#### Problem statement:
Reproduce each record exactly. The pictures should be skipped.

Collection entries
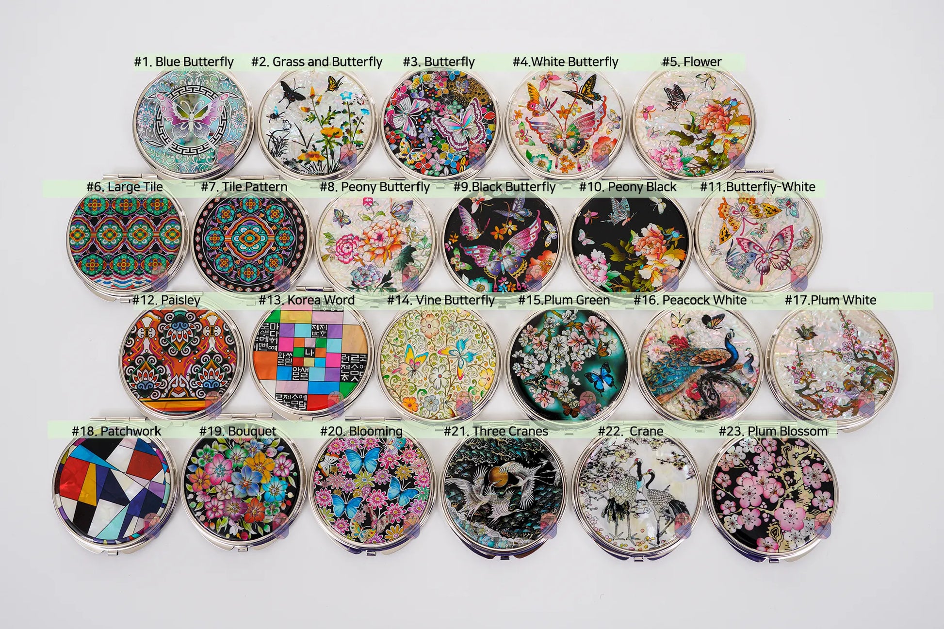 A beautiful compact mirror blooming with delicate pink cherry blossoms on a shimmering mother-of-pearl background.
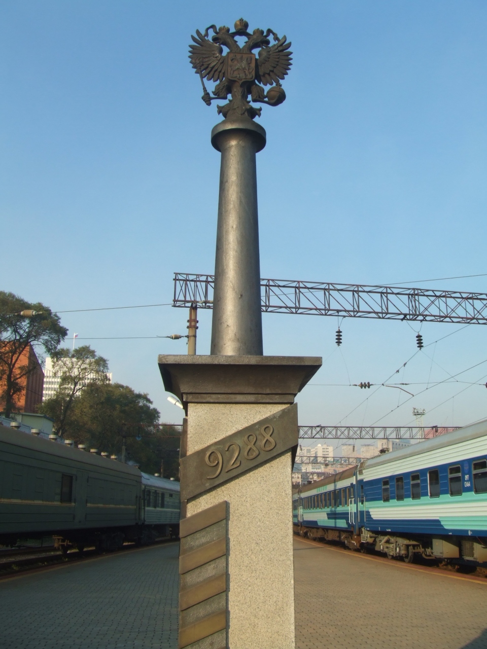 写真は、シベリア鉄道駅のモスクワまでの距離数を示すモニュメント。
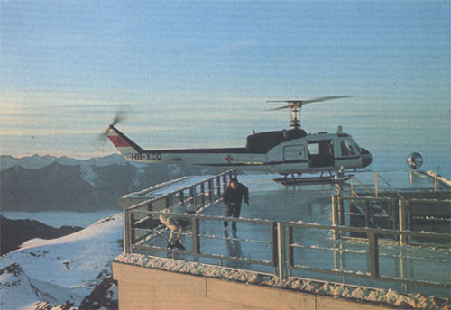 What had been found was a restaurant that was being built on top of the Schiltorn ('Magic Mountain') in the Bernese Overland. From its peak at 9744 feet (2970 metres) it offers one of the best views of the Alps. To the north can be seen the Swiss Lowlands, the Jura and the Black Forest, which as you look round give way to the Alpine range dominated by the Eiger, Monch, and Jungfrau. The building of the restaurant had started in 1961 with helicopters carrying the building materials up to the peak. Syd Cain recalls the state of the construction when he first saw it.
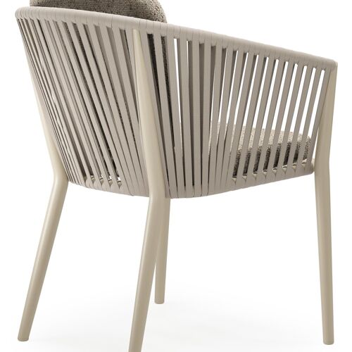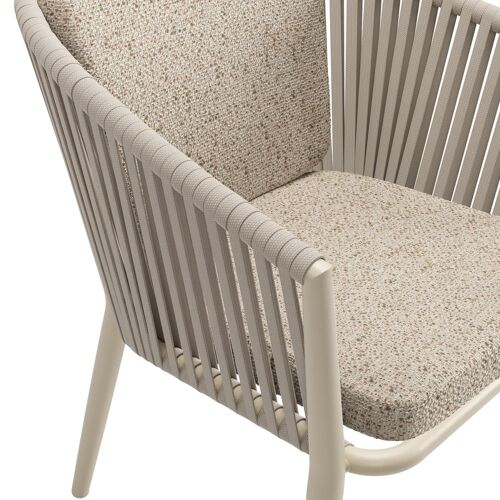 Orso tuinstoel in beige aluminium en beige verticaal geweven vlakke rope met zitkussen in All Weather Cosytica Bora Jungle | Exterioo
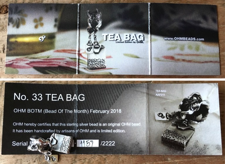 The Ohm Beads Bead of the Month February 2018 is Tea Bag. I think a lot of us drink tea, maybe at breakfast or an afternoon high tea. So it will appeal to a lot of people!

#### Written answer:
 A beautiful compact mirror blooming with delicate pink cherry blossoms on a shimmering mother-of-pearl background.
 写真は、シベリア鉄道駅のモスクワまでの距離数を示すモニュメント。
 What had been found was a restaurant that was being built on top of the Schiltorn ('Magic Mountain') in the Bernese Overland. From its peak at 9744 feet (2970 metres) it offers one of the best views of the Alps. To the north can be seen the Swiss Lowlands, the Jura and the Black Forest, which as you look round give way to the Alpine range dominated by the Eiger, Monch, and Jungfrau. The building of the restaurant had started in 1961 with helicopters carrying the building materials up to the peak. Syd Cain recalls the state of the construction when he first saw it.
 Orso tuinstoel in beige aluminium en beige verticaal geweven vlakke rope met zitkussen in All Weather Cosytica Bora Jungle | Exterioo
 The Ohm Beads Bead of the Month February 2018 is Tea Bag. I think a lot of us drink tea, maybe at breakfast or an afternoon high tea. So it will appeal to a lot of people!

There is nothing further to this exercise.